I'd like to ask you first about your current film, "The Nightshift Belongs to the Stars," which was just shown at the Tribeca Film Festival. How did this project come about, and how are audiences reacting?
It's been an absolute success. The film has been screening around the world with great emotion by audiences, which is inspired by the poetic landscape and what the characters are going through with the subject of organ donation. A man is given the heart of a woman and the two characters vow to climb the Dolomites together if they make it to 6 months. The great Neapolitan writer, Erri De Luca wrote the screenplay. He was familiar with my work and sent me the script, and I fell in love with it. The genesis for him is he is a mountan climber, one of the few over 60, and actually had a heart attack while climbing in the Dolomites.

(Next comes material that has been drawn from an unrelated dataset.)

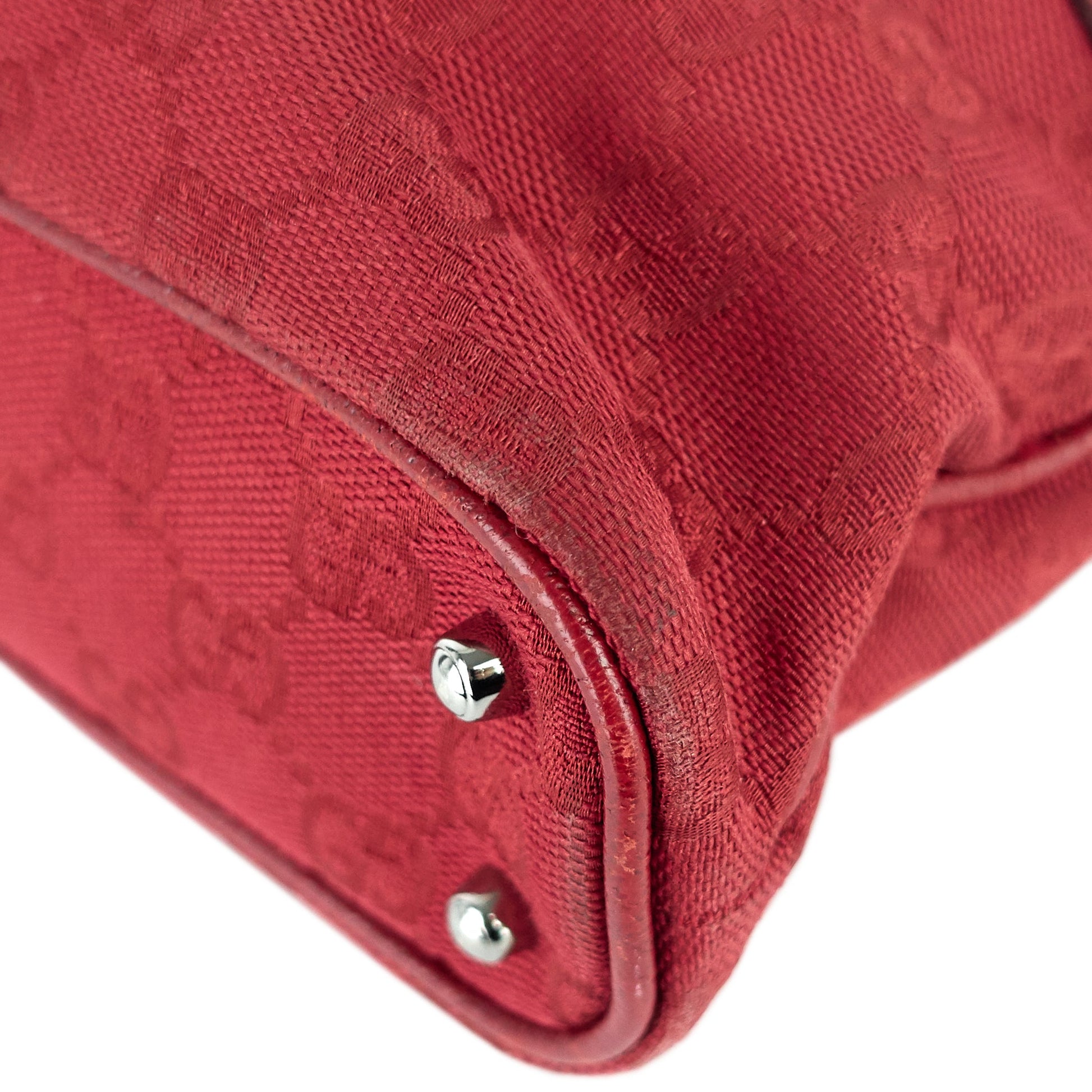 Overall: The exterior canvas is in excellent condition with faint scuffing to the bottom corner edges. The leather trim shows minor scuffing. The leather handles have faded where they were held and the black glazing along the side of each handle shows cracking. The interior has several faint stains, but otherwise is clean and in excellent condition. The hardware remains shiny with scratching to the tips of the protective feet.

What is the message that you would like to communicate through this film?
The message is one of hope and courage and that as long as you have one heart beat left in your heart, it's not too late to follow your dreams or rediscover an old love. As long as you have one heart beat left, it's never too late.
You wrote and directed your 2002 film, "Between Strangers." Do you enjoy writing, or is your true passion, directing?
Filmmaking is a multi-diverse experience. Writing and directing are very different; they come from two different parts of the heart. Writing is similar to shadow boxing.. you have to confront yourself, I am more comfortable being a co-writer. I prefer the collaboration of writing. As a director, you have to be able to ride all these different disciplines. The common thread is communication.
Let's talk about your family. What was it like growing up with two icons as parents? Did you feel like a regular kid, or did you feel that there was really something extraordinary about your household and your childhood?
It was extraordinary how ordinary my childhood was. That's from the intellegence of my parents. We were not a true Hollywood family. We had a group of friends that had nothing to do with film. We were raised to stay grounded and to never take anything for granted.
Your mother and your wife have had leading roles in your films. What are those collaborations like?
My father produced many of my mother's films, so working with loved ones is natural for us. They are actors that I admire and they are part of my family, so it's quite natural for me and it's helpful in finding the right words to communicate. The lines of communication are already well-oiled and open.
I grew up watching your mother in films. I've seen her interviews, cooked recipes from her cookbook, and adored her for as long as I can remember. Tell me something, please, about Sophia Loren; the mother, the person and the woman when the cameras are off.
What's amazing is how grounded she is. She never allowed us to be seduced by her success or believe in the glamour of her profession. She is a woman who lives for her family and for her own personal growth. She has an enormous appetite to work and to tackle roles that she has not yet tackled. It is beautiful for us to look up to our mother and admire the woman that she is.. and I truly do. She is an exceptional human being.
You've had several roles throughout your lifetime: the son of icons, brother, husband, father, filmmaker. Do you feel that any of those roles stand out in defining you?
The sum of everything I have is the total of everything I've done. There is no question that the most important role is my role as father. In the end, I am putting into the world two people and I am responsible in helping them grow up and also giving them enough space to be become their own people. It's a big responsibility.
Edoardo Ponti's 2002 film "Between Strangers," starring Sophia Loren, Mira Sorvino and Deborah Kara Unger, is the story of how three women deal with their personal demons.